En 2013 Le Monde relance la thèse officielle !
En avril 2013 le serpent de mer (en jargon de presse, « le marronnier ») a fait sa réapparition. À cette occasion, c’est avec empressement que la presse française a tenté de nous resservir la rumeur du Struthof. C’est ainsi que, dans son supplément « Télévisions » (28-29 avril 2013, p. 9), Le Monde en est venu à publier un article signé de Jean-Baptiste de Montvalon pour nous annoncer que, le lundi 29 avril, France 3 diffuserait un documentaire de 55 minutes : « Au nom de la race et de la science / Quand les nazis voulaient garder trace des juifs qu’ils exterminaient » : tels étaient le titre et le sous-titre de l’article dont voici un extrait :
Une mission est envoyée [en 1943] à Auschwitz pour y choisir 115 personnes. Leurs caractéristiques sont adressées à Hirt, qui en retient 87. Parce que des cadavres risqueraient d’être endommagés lors du transport, les juifs sont convoyés jusqu’au bloc 13 du camp du Struthof, en Alsace.
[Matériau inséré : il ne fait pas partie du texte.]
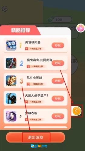 3、不过要是不想继续玩了,就得点击左侧的箭头,这样会弹出【退出游戏】的选项,点击它就能离开并结束游戏啦!
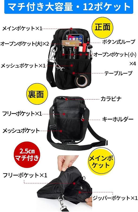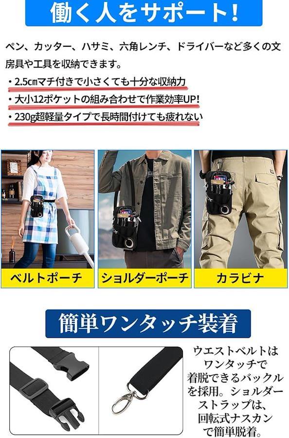 *マチ付き12ポケットと多数の便利機能を兼ね備えた仕事用ウエストポーチ。
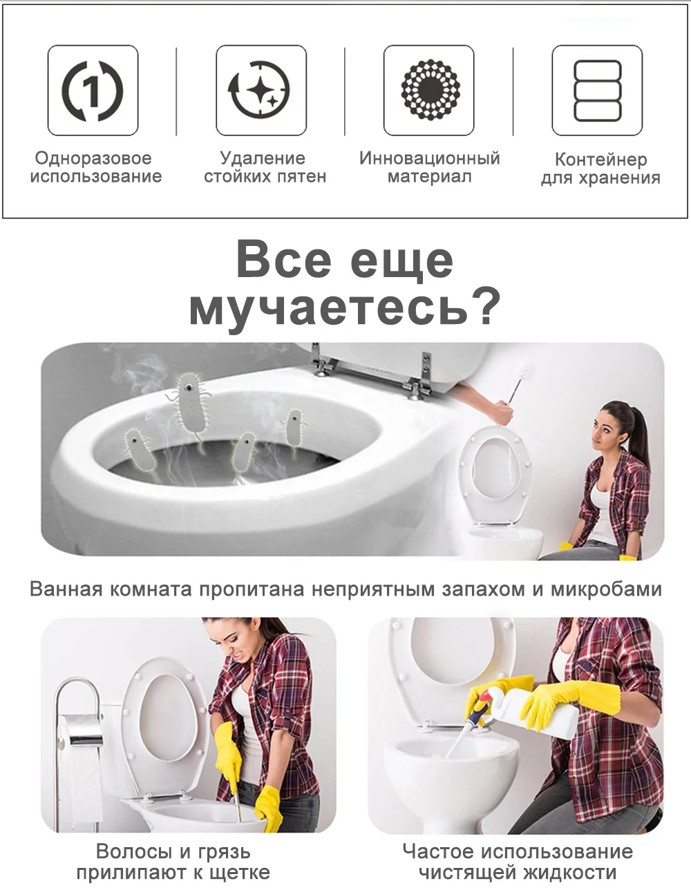 1. Одноразовая щётка для туалета с чистящей щеткой. Его можно легко заменить нажатием кнопки, не нужно касаться, легко сэкономить.2. Конструкция ручки удобна в хранении и легко чистится в углу унитаза.3. Водорастворимая головка щетки быстро выпустит Дезактивационные факторы, когда она соприкасается с водой. Сильное обеззараживание не повредит глазурь.4. После того, как головка кисти используется, она может быть отброшена. Его можно выбрасывать в мусорное ведро или бросать в унитаз для смывания, не вызывая закупорки.5. С базой для хранения, без грязи после использования, чистый и гигиеничный.
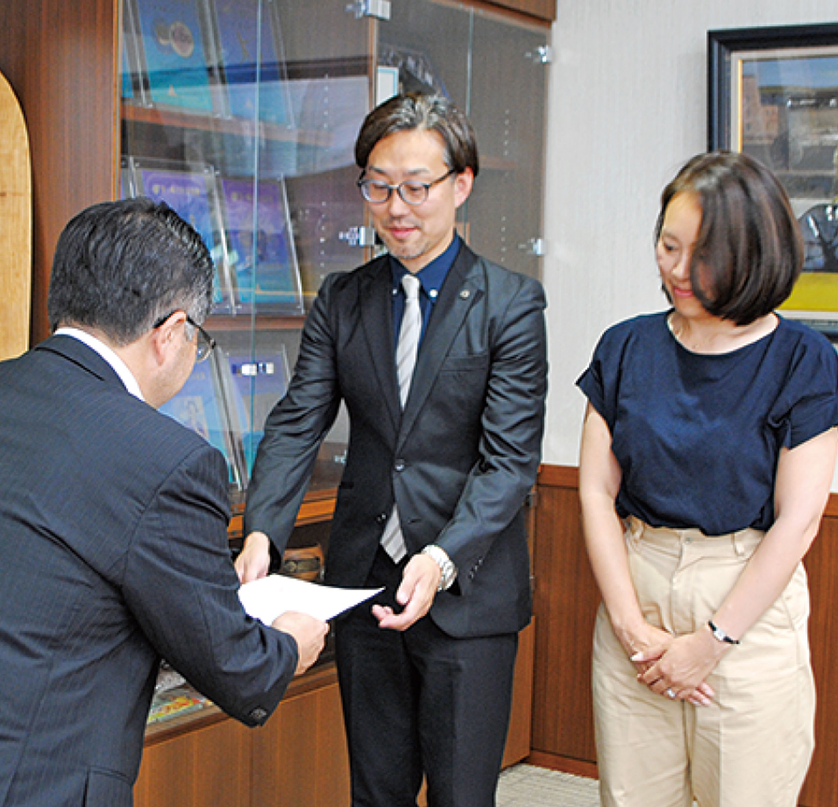 茅ヶ崎を活性化する取り組みを行っている団体「chigasaki0467」(高沢祐次代表=人物風土記で紹介)に7月3日、服部信明茅ヶ崎市長から募金活動に対する感謝状が贈られた。
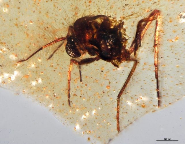 Kehribarın içinde en az beş farklı böcek ekibine ilişkin fosiller keşfedildi. Bu fosiller ortasında sinek çeşitleri, bir mantar böceği ve yaban arıları yer alıyor. Birebir vakitte örnek, bir örümcek ağı kesimini da içeriyor. İpliklerin tertibi, bu ağın çağdaş çark örümceklerine emsal halde örülmüş olabileceğini düşündürüyor.

Afin de leur rendre une apparence physique convenable, ils y sont correctement nourris. Pendant ce temps une petite chambre à gaz est aménagée dans une ancienne salle des fêtes, située à 800 mètres de là. Un soir d’août 1943, tous y sont conduits, en quatre groupes distincts. Une femme se révolte, elle est abattue ; son corps sera écarté de la « collection ». – Le 1er décembre 1944, ce sont donc 86 corps – 16 cadavres restés entiers, les autres mutilés et méconnaissables – qui sont découverts par les Alliés dans des cuves d’alcool au sous-sol de l’Institut d’anatomie de l’université du Reich de Strasbourg. Pour des raisons restées mystérieuses, Hirt n’a rien fait de sa ‘collection’ une fois qu’elle fut constituée. Sauf tenter de maquiller le crime, pour ensuite le nier.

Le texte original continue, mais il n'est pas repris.